A transmission puzzle may be getting clearer

Mpox may be spreading more often through people without symptoms than public health guidance previously assumed. That is the implication of a Kaiser Permanente study of nearly 8,000 men, which found that mpox in mid- to late 2024 was more common among men who have sex with men than earlier estimates suggested, with asymptomatic infections accounting for most of the cases detected in the study sample.

The work, published in Nature Communications, addresses a persistent epidemiological problem. During the 2022 global outbreak and its aftermath, many infections appeared to have no obvious connection to a symptomatic partner, even though prevailing assumptions held that people with visible symptoms were the main drivers of spread.

What the researchers found

To investigate, researchers tested rectal swabs originally collected for other sexually transmitted infection screening among men who have sex with men in Southern California during the summer and early fall of 2024. They then linked those findings to electronic health record monitoring for new mpox diagnoses in Kaiser Permanente Southern California.

The result was striking.

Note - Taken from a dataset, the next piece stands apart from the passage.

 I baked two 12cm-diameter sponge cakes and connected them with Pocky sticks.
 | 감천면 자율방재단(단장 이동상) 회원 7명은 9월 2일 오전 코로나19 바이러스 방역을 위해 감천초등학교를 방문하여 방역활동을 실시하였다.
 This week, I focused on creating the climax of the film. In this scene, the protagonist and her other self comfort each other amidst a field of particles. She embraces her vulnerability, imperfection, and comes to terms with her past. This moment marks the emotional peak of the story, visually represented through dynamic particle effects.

Roughly 1% of the men tested had asymptomatic mpox infections, according to the supplied source text. The study’s senior author said the findings suggest infected people can pose a risk of transmitting the virus even in the absence of clinical symptoms.

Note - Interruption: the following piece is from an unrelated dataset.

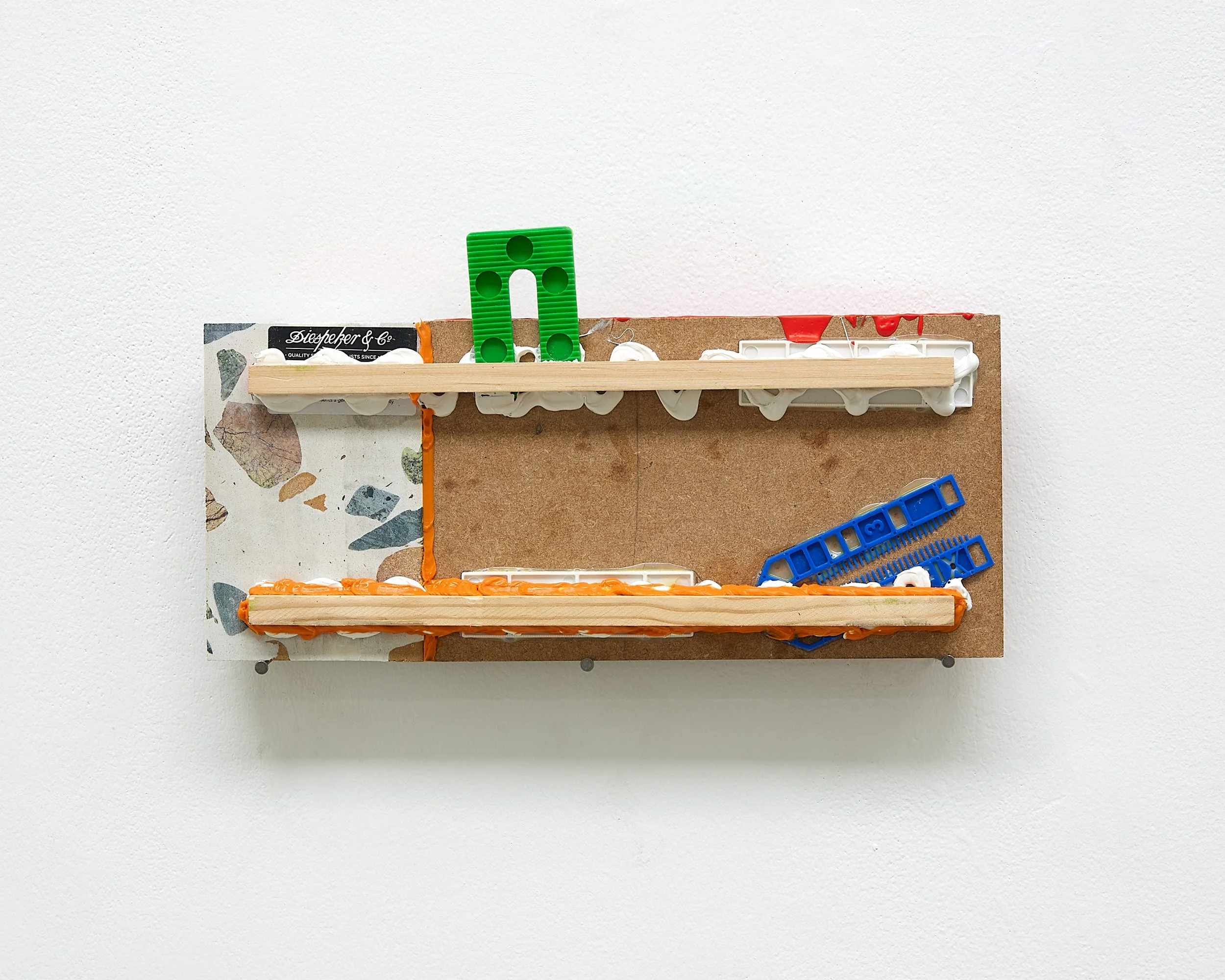 ‘Enjoy’ badge from 2005 Vauxhall Corsa, MDF, Terrazzo, Plasti-kote, Pine sections, Evo-Stik Sticks Like Sh*t All Weather Adhesive, Rainbow sealant, Broadfix shims in various sizes.

If correct, that would help explain why many cases have lacked known ties to symptomatic exposure.

Why the findings matter

The study does not merely add another estimate of prevalence. It challenges a core practical assumption that has shaped how mpox risk is communicated. The U.S. Centers for Disease Control and Prevention has advised that people with symptoms drive transmission, but this dataset points to a more complex reality.

That matters for both surveillance and prevention. If symptom-free infections are common enough to contribute meaningfully to spread, case counts based only on clinical diagnosis may miss a larger reservoir of infection. Public health strategies that rely too heavily on visible symptoms could then undershoot the true pattern of transmission.

It also has implications for how clinicians and community health programs think about routine testing and risk communication in higher-incidence populations.

Caution and consequence

The supplied source does not claim that asymptomatic transmission is the only explanation for ongoing mpox spread, nor does it erase the importance of identifying and isolating symptomatic cases. But it does suggest that symptom-based models may be incomplete.

That has real-world consequences because mpox has continued to circulate despite vaccination availability. A clearer understanding of silent spread could help explain why the disease has proven harder to suppress than some early assumptions suggested.

The broader lesson is familiar from other outbreaks: when a pathogen can move through people who do not realize they are infected, public health systems lose one of their simplest detection tools. This study suggests mpox may fit that pattern more than previously understood.